ブドウの葉や実を冠のように頭にまとったその姿は、「カラヴァッジョのバッカス」などの絵画では、あたかもアフロのように描かれてきた。


呑んべぇ会

このゲーム、あとがきによれば、制作開始からマスターアップまで実質2週間で作られたというとんでもない経緯を持つ。
にも関わらず、作り込みの粗さを感じさせるような点は非常に少ない。
それもそのはず、このゲームの開発スタッフたちは皆、東方が徐々に勢いを増してきた初期からのZUNの呑み仲間――すなわち同人ソフトジャンルのベテランたち。
メンバーの一人が「このスタッフで一本作れただけで本望」と記していることからも、その豪華さがわかる。
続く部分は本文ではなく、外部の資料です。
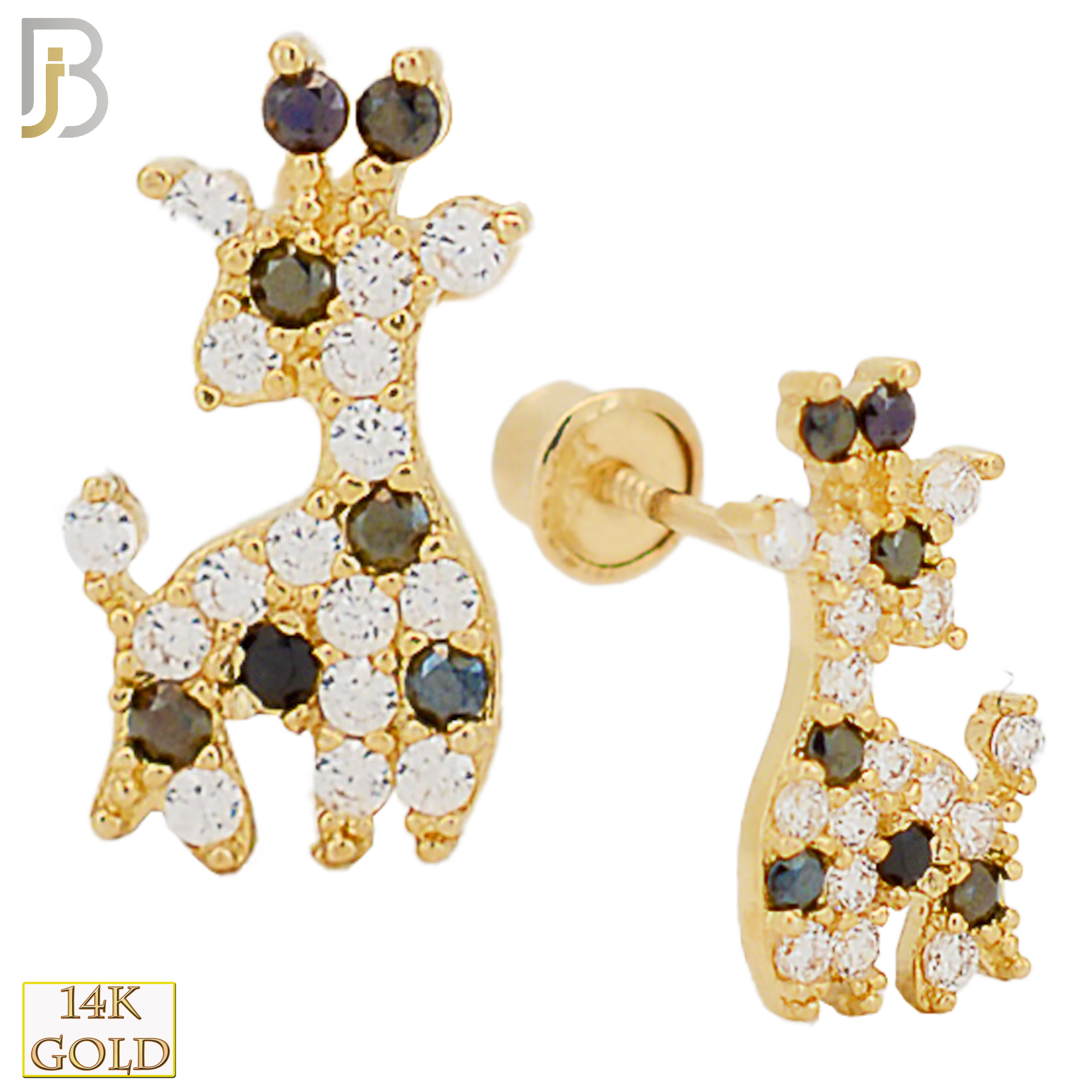 14-ES75YCK – 14k Yellow Gold Giraffe Design with Clear and Black CZ, Screw Back Stud Earrings

現在でこそ上海アリス幻樂団の頒布補助スペースの名前になっている「呑んべぇ会」。
だが結成当初は同人サークルですらなく、単に呑みに誘い合うグループに付けられた名前だったという。
夏コミに応募した段階でもこういうゲームを作るとまでは決まっていなかった。なぜか落選した勢いで「冬コミでは東方的なSTGを作る」ということにした結果がこれである。
(夏コミでの東方風神録のリリースに伴って、合作に転用できるレベルにまで東方のゲームプログラムの仕様が安定したおかげもあるのだろう)
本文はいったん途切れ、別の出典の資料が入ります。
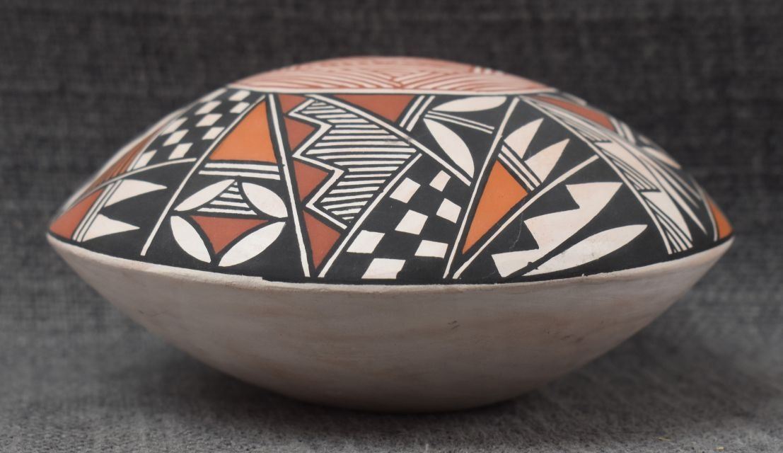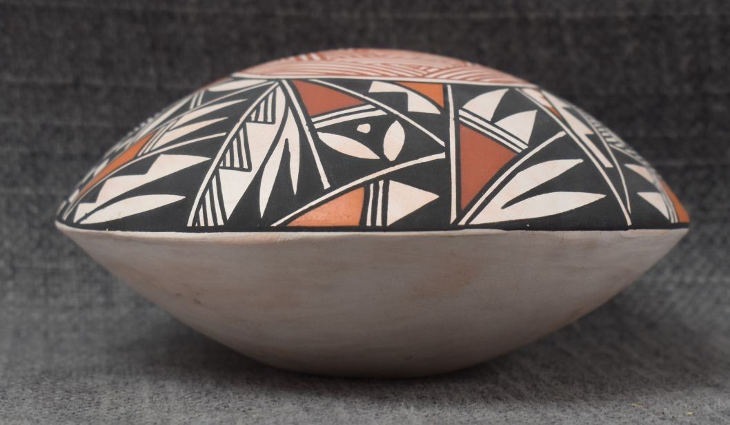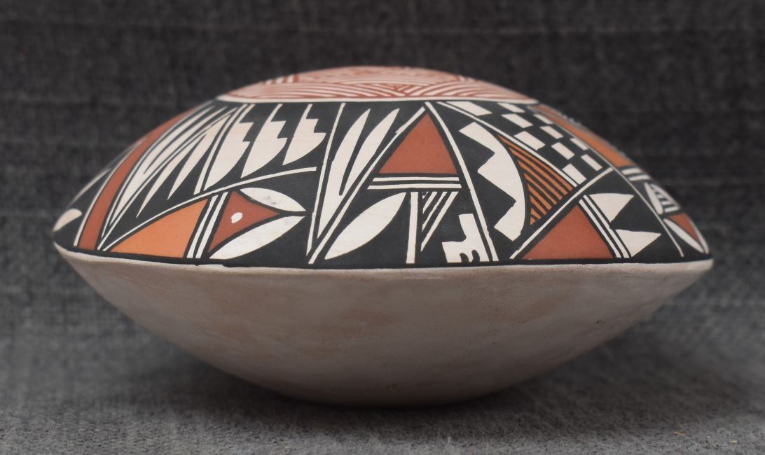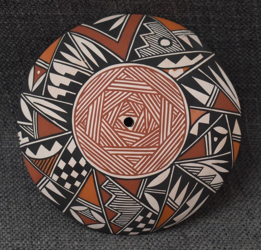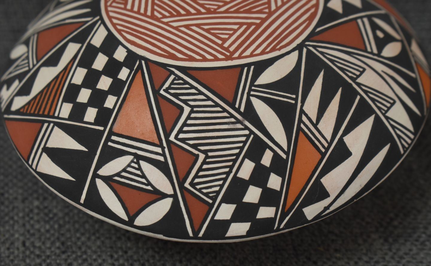1990's Acoma, hand coiled with geometric painted design signed T Salvador 2.25" x 5"

東方本家STGのような見た目をしていながらも、単独制作ではなく合作。それぞれの担当箇所には各々の個性が現れている。
例えば、キャラグラフィックからは、担当者(紫雨陽樹)が過去にリリースした作品群のテイストを強く感じられるし、
その中には寿司をテーマにしたSTG「王立エドマエンジン」なんてものもあったりする。

BGMの担当者(骨折飲料)は、このゲームのテーマ曲として最初に3面道中曲「chase the Twilight」を作ったが、
それは当初、今のものよりもテンポが速く、女の子が空を飛んでいるような爽快感を感じさせるものであった。
しかしそれは、企画始動段階ではこのゲームがここまで酒臭く仕上がるとはとても予想できていなかったためであった……と逸話として語っている。当たり前だ
結局、そちらを没にして今のバージョンへとアレンジ。没になったほうは、のちにクラブイベントで上演された。
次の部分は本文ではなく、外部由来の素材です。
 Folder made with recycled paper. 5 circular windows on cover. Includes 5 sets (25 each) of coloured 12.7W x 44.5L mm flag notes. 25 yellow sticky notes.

また、制作スタッフが呑んべぇ会メンバーと多く重なる東方キャラ総出演ゲーム「東方幻想麻雀」には、
アップデートの末、このゲームの全キャラが登場するなどした。


その後

このゲームはもう封印するとあとがきに書かれている通り、続編やスピンオフは今のところ無い。
(呑んべぇのレムリアはリアレンジされているので封印というほどでもないけど)
その理由は、これが内輪ノリでできたゲーム、引用するなら「作ることを楽しむだけのゲーム」であることだという。

あれ? 肝心なゲームの内容の話をしていない? それはなぜか。

このゲームは呪われているから。
酔っぱらいが作ることを楽しむだけのゲームだから。

だから封印します。明日には作った事をすっかり忘れてそうだ。
(もう二度とこんなゲームは出来ないんじゃないかな)
――ZUN後書き.txt

近年の東方作品やインタビューを見ると、旧来の東方の世界観を壊さないよう意識した、というコメントがときどき見られる。
(例:「パンデモニックプラネット」楽曲コメント)
対して、まだ東方の世界観や方針が固まっていない頃には、好き放題やりまくったというコメントの方がよく見られた。
(例:「魔法少女たちの百年祭」楽曲コメント)

確かに、ゲームとは遊び手を楽しませるべく作られるもの。しかし、同人ゲームは商業サービスとは異なり、作り手の一存が通せる場。
当時にもまして東方が巨大なジャンルになっている今こそ、このゲームの意義を見直すべき時なのかもしれない。
たまには何にも縛られず、制作すること自体の楽しみを思い出すような機会が、作り手たちには有ってほしいものである。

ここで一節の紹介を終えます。